Department of Obstetrics and Gynaecology, University of Toronto, Toronto, ON.
Faculty of Medicine, University of Toronto, Toronto, ON.
J Obstet Gynaecol Can. 2020 Sep;42(9):1111-1115. doi: 10.1016/j.jogc.2020.02.113. Epub 2020 May 8.
To develop and implement a trial of labour after cesarean delivery (TOLAC) bundle-a group of interventions aimed at decreasing cesarean delivery (CD) for women who have had a prior CD (Robson group 5).

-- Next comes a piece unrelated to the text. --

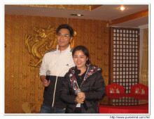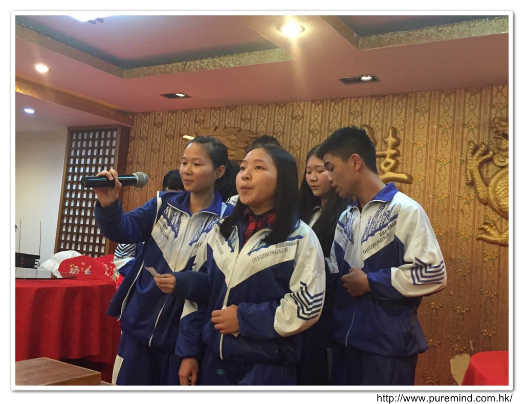 李一覺會長與本基金國內負責人馮杏玲女士合唱一曲,勸勉學生努力不要放棄。

A TOLAC bundle was developed that included: (1) educational rounds for health care providers, (2) a physician-patient TOLAC discussion aid, and (3) patient-centred educational resources. A before-and-after study design was employed. A one-year chart review determined baseline CD rates in Robson group 5 patients at a tertiary care academic centre. Following this, from February 1, 2018 until May 31, 2019, each bundle intervention was sequentially introduced every four to six months and modified based on provider feedback. Obstetricians were provided with their individual CD rates using an audit-and-feedback approach prior to the introduction of the next intervention.
The baseline CD rate for Robson group 5 patients was 71% (175/247 eligible patients). Following the introduction of the bundle, the CD rate decreased to 61% (131/214 eligible patients). This was a 10% decrease in the CD rate (P = 0.029). A significant increase in rate of induction was noted, from 5% pre-intervention to 11% post-intervention (p = 0.017). There were no significant decreases in the rate of vaginal birth after CD or increases in the rates of uterine rupture or NICU admission.
A TOLAC bundle, consisting of provider education, a TOLAC discussion aid, and patient resources, combined with audit and feedback, decreased CD for Robson group 5 patients.
制定并实施剖宫产术后经阴道分娩(TOLAC)方案包——一组旨在减少既往行剖宫产术(罗伯逊分组 5)妇女再次剖宫产术(CD)的干预措施。
制定了 TOLAC 方案包,其中包括:(1)医疗保健提供者教育轮次;(2)医患 TOLAC 讨论辅助工具;(3)以患者为中心的教育资源。采用前后对照研究设计。在三级学术医疗中心,对一年的病历回顾确定了罗伯逊分组 5 患者的基线 CD 率。在此之后,从 2018 年 2 月 1 日至 2019 年 5 月 31 日,每四个月至六个月依次引入一个方案包干预措施,并根据提供者的反馈进行修改。在引入下一个干预措施之前,通过审计和反馈为产科医生提供其个人 CD 率。
罗伯逊分组 5 患者的基线 CD 率为 71%(175/247 例符合条件的患者)。引入方案包后,CD 率下降至 61%(131/214 例符合条件的患者)。CD 率降低了 10%(P=0.029)。注意到诱导分娩率显著增加,从干预前的 5%增加到干预后的 11%(p=0.017)。CD 后阴道分娩率无显著下降,子宫破裂或新生儿重症监护病房(NICU)入院率无显著增加。
TOLAC 方案包由提供者教育、TOLAC 讨论辅助工具和患者资源组成,结合审计和反馈,降低了罗伯逊分组 5 患者的 CD 率。